What is needed:
Only the pictures are to be left out; return the rest of the data exactly as it stands.

Information shown:
--

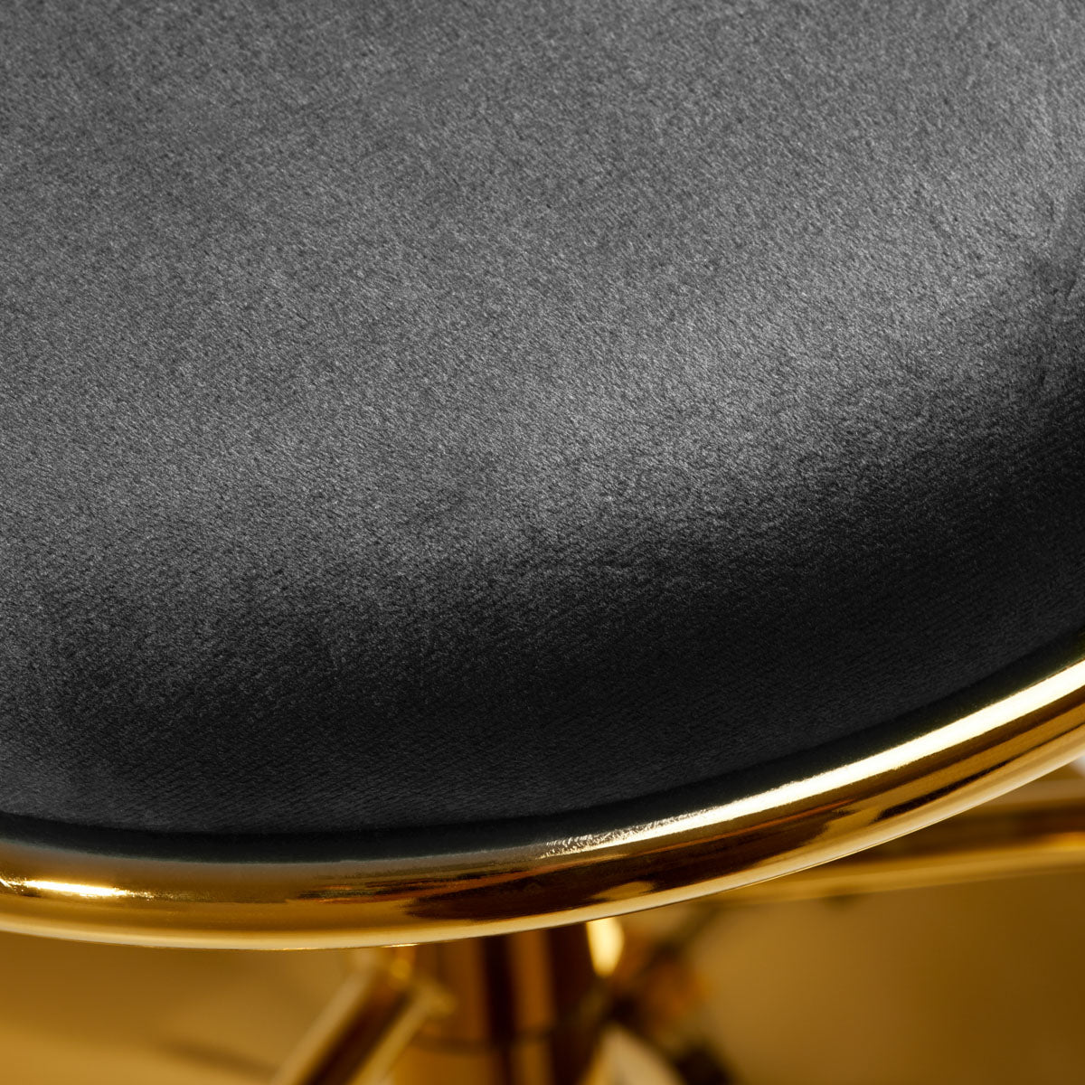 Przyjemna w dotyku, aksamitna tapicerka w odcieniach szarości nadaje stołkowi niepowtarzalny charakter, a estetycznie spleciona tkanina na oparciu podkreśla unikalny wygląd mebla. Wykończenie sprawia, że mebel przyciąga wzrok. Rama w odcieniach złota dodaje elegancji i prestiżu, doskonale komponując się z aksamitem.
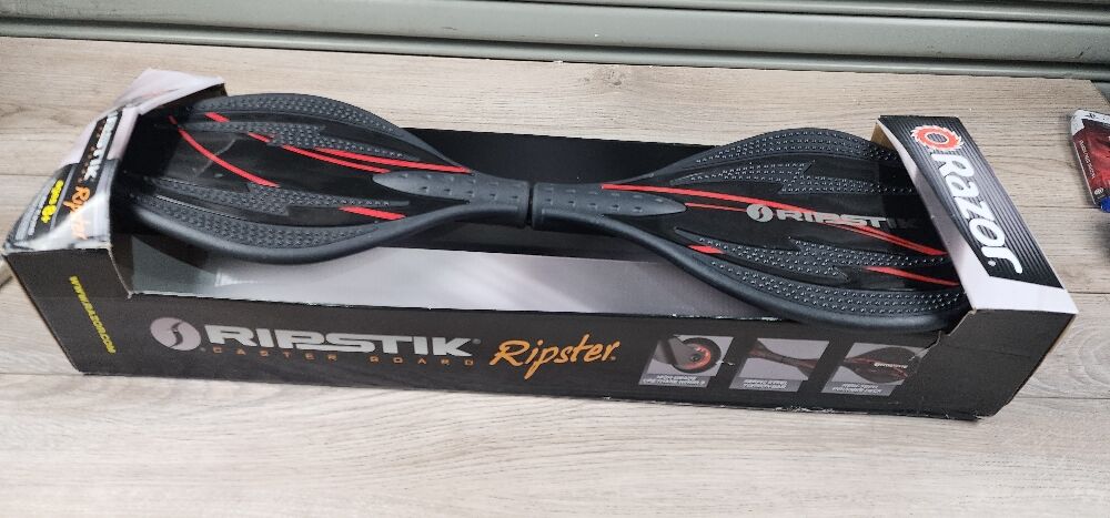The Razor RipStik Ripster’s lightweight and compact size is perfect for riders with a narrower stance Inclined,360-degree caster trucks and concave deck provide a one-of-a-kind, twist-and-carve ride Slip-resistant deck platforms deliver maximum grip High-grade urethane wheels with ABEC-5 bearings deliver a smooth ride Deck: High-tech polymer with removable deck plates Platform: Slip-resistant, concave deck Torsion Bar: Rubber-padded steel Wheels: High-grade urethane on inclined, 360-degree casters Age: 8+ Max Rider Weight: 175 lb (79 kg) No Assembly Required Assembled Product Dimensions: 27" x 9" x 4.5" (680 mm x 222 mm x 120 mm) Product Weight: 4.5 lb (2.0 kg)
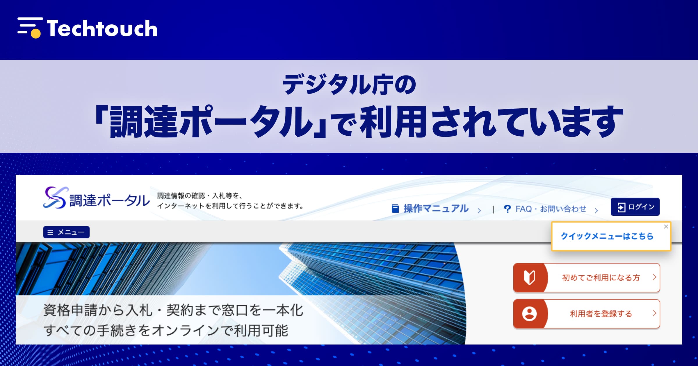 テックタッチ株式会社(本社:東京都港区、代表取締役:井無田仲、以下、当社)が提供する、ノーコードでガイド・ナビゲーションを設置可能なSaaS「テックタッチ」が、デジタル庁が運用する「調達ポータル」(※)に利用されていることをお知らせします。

--

Task result:
 Przyjemna w dotyku, aksamitna tapicerka w odcieniach szarości nadaje stołkowi niepowtarzalny charakter, a estetycznie spleciona tkanina na oparciu podkreśla unikalny wygląd mebla. Wykończenie sprawia, że mebel przyciąga wzrok. Rama w odcieniach złota dodaje elegancji i prestiżu, doskonale komponując się z aksamitem.
The Razor RipStik Ripster’s lightweight and compact size is perfect for riders with a narrower stance Inclined,360-degree caster trucks and concave deck provide a one-of-a-kind, twist-and-carve ride Slip-resistant deck platforms deliver maximum grip High-grade urethane wheels with ABEC-5 bearings deliver a smooth ride Deck: High-tech polymer with removable deck plates Platform: Slip-resistant, concave deck Torsion Bar: Rubber-padded steel Wheels: High-grade urethane on inclined, 360-degree casters Age: 8+ Max Rider Weight: 175 lb (79 kg) No Assembly Required Assembled Product Dimensions: 27" x 9" x 4.5" (680 mm x 222 mm x 120 mm) Product Weight: 4.5 lb (2.0 kg)
 テックタッチ株式会社(本社:東京都港区、代表取締役:井無田仲、以下、当社)が提供する、ノーコードでガイド・ナビゲーションを設置可能なSaaS「テックタッチ」が、デジタル庁が運用する「調達ポータル」(※)に利用されていることをお知らせします。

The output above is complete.